The General Principle Act on Application of Laws states regarding inheritance that the law of the home country of the deceased should be applied.
With regards to your husband’s inheritance, since your husband is a Japanese national, the Japanese civil code will be applicable regardless whether the person subject to inheritance is a foreign national.
If the deceased is a foreign national, the law of their home country will be applicable. However, there are cases where this law states that regarding inheritance, the law where the property to be inherited will apply.
In such cases, with regards to property to be succeeded located in Japan, the Japanese law will be applicable.
In Japan, persons who are subject to inheritance are defined as follows:
Firstly, the spouse of the deceased always has a right to inheritance.
This refers to the spouse at the time of the death, and therefore will not apply to a former spouse who has divorced the deceased.
If there are children (including adopted children), then they are eligible.
If the couple have no children, then the parents of the deceased, and if there is no child or parent, then the brothers and sisters of the deceased become eligible for inheritance.
The grandchildren of the deceased will be eligible for inheritance, if the child of the deceased dies before the deceased.
If there are several persons eligible for inheritance, then they must agree regarding the partition of the estate.
As long as every one of the persons subject to inheritance is in agreement, it does not matter how the inheritance is allocated. Even a decision for one individual to claim the entire inheritance is valid.
There is a standard for distribution known as legal shares of inheritance.
The Japanese civil code the portion allocated to each individual, if there is more than one person eligible for inheritance.
If there is the spouse and children, the spouse is to be given half of the estate, with the remaining half split amongst all the children.

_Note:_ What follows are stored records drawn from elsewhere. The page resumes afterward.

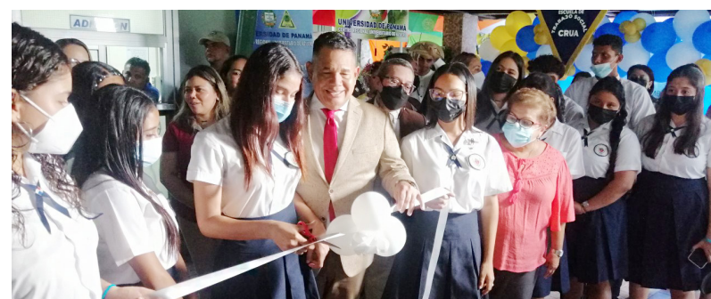
Estudiantes de escuelas secundarias de Azuero en la Promoción de Carreras 2023.
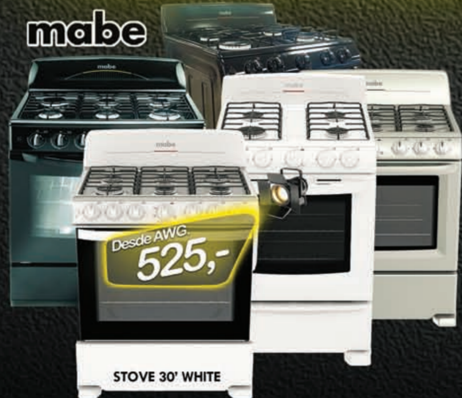
STOVE 30' WHITE EMI7620BAPB1
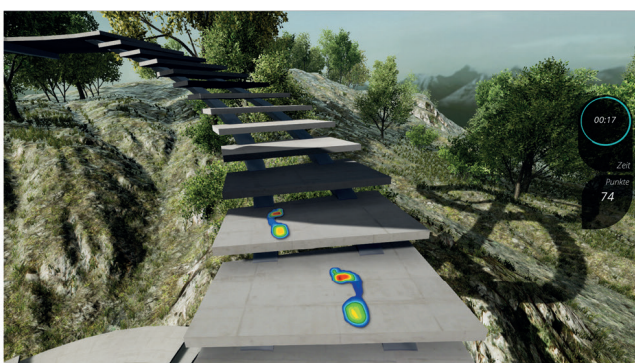
Schnelligkeitstraining in virtueller Umgebung
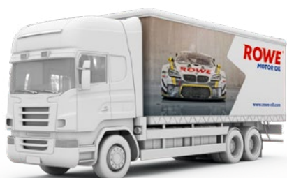
LKW-Transport / Truck Shipments

*2-lagig stapelbar./Stackable in 2 layers.
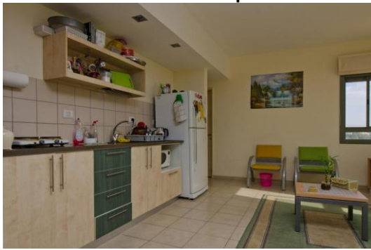
מטבח דירה-מתחם מצדה
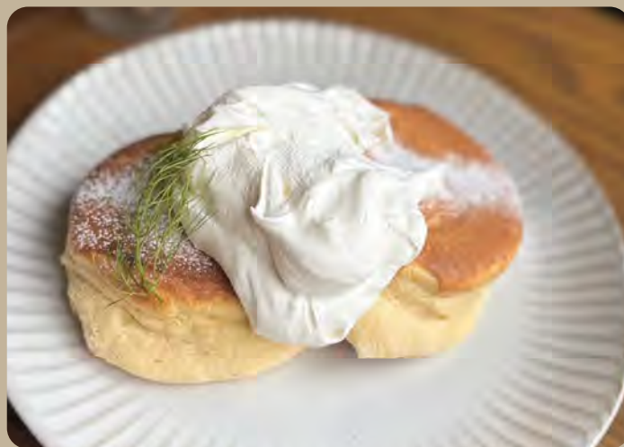
窯焼きパンケーキ + ホイップ 1,000
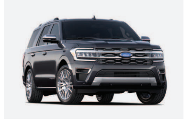
3 Dark Matter Gray Metallic
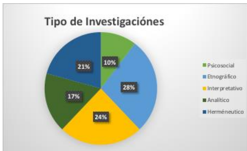
Grafica 4: tipos de investigación

Igualmente, desde la perspectiva interpretativa, se centró en comprender el significado subjetivo que los jóvenes rurales atribuyen a sus experiencias y entornos, permitiendo una comprensión de su realidad desde su propia perspectiva, así mismo desde la perspectiva hermenéutica se enfocó en la interpretación y comprensión de textos y discursos, analizando narrativas y testimonios de jóvenes rurales para revelar aspectos subyacentes de su experiencia y de la perspectiva analítica, se proporcionaron herramientas para descomponer y examinar los datos cuantitativos y cualitativos relacionados con las condiciones de los jóvenes rurales, permitiendo identificar patrones, tendencias y correlaciones significativas ( Ver grafica 4).
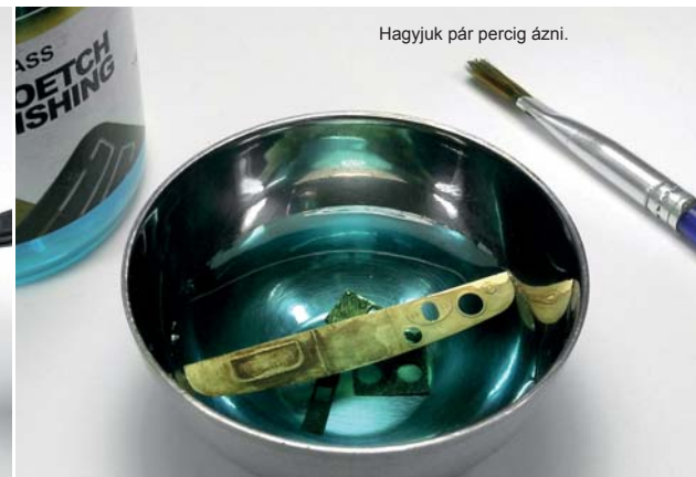
Hagyjuk pár percre ázni.
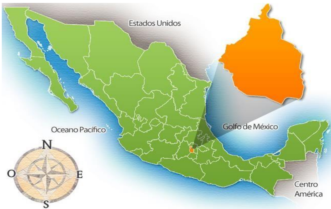
Imagen 1. Se muestra ubicación centralizada de la Ciudad de México 2
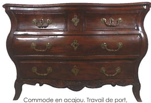
Commode en acajou. Travail de port, Bordeaux, XVIIIème s. 83 x 64 x 128 cm
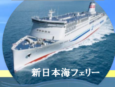
新日本海フェリー
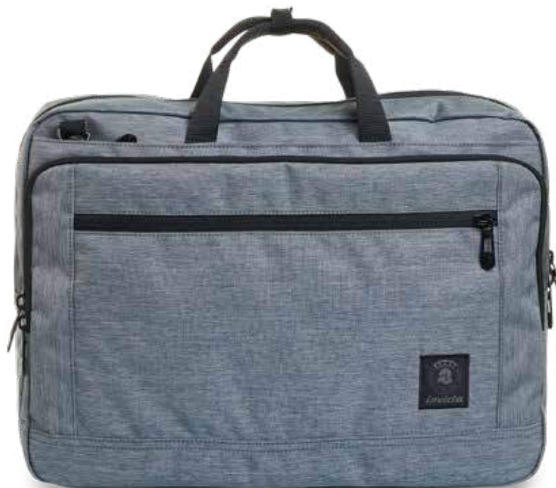
BG2 GREY 2TONE
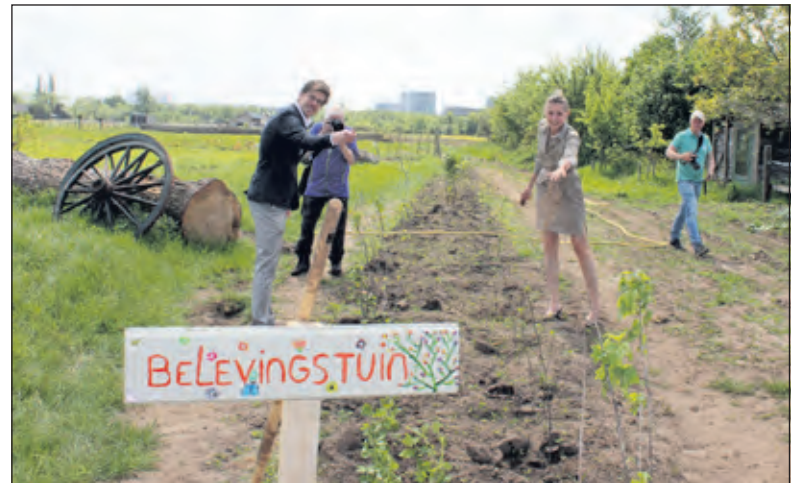
De wethouder vindt het mooi dat er zoveel enthousiasme is onder Biltse inwoners om mee te doen.

All the children receive an equal amount. This holds true even if they don’t share a common mother.
However, under the current Japanese civil code, a child born to a couple who are not legally mar-rind is only allowed half of what a child born from a married couple would inherit.
If we apply this to the given question, each of these children will receive one-third of the remaining half, or the equivalent of one-sixth shares in inheritance.
There are only the spouse and the parents of the deceased, the spouse receives two-thirds and the parents the remaining one-third.
If the only persons eligible are the spouse and the brothers and sisters of the deceased, then the spouse receives three-quarters and the broth-ers and sisters receive in total the remaining one-quarter of the estate.
If an agreement cannot be reached regarding the partition of estate, the persons eligible for inheritance can file for mediation with the Family Court. Since mediation is a means for discussion, a member of the committee will mediate a discussion among the persons subject to inheritance.
If an agreement cannot be reached through mediation, one can further request for a court judgment.
You inherit not only the rights of the deceased, but also the obligations.
In other words, if the deceased had debts unpaid, this debt is also inherited.
One cannot inherit only the property and not the debts.
Therefore, if it the property to be inherited to consists only of debt, you should consider a renunciation.
A renunciation of inheritance must be done within three months from the time you became aware of the fact that you had inherited the property in question, and is done by filing with the Family Court.
Once three months have elapsed, you will be seen as having accepted the inheritance.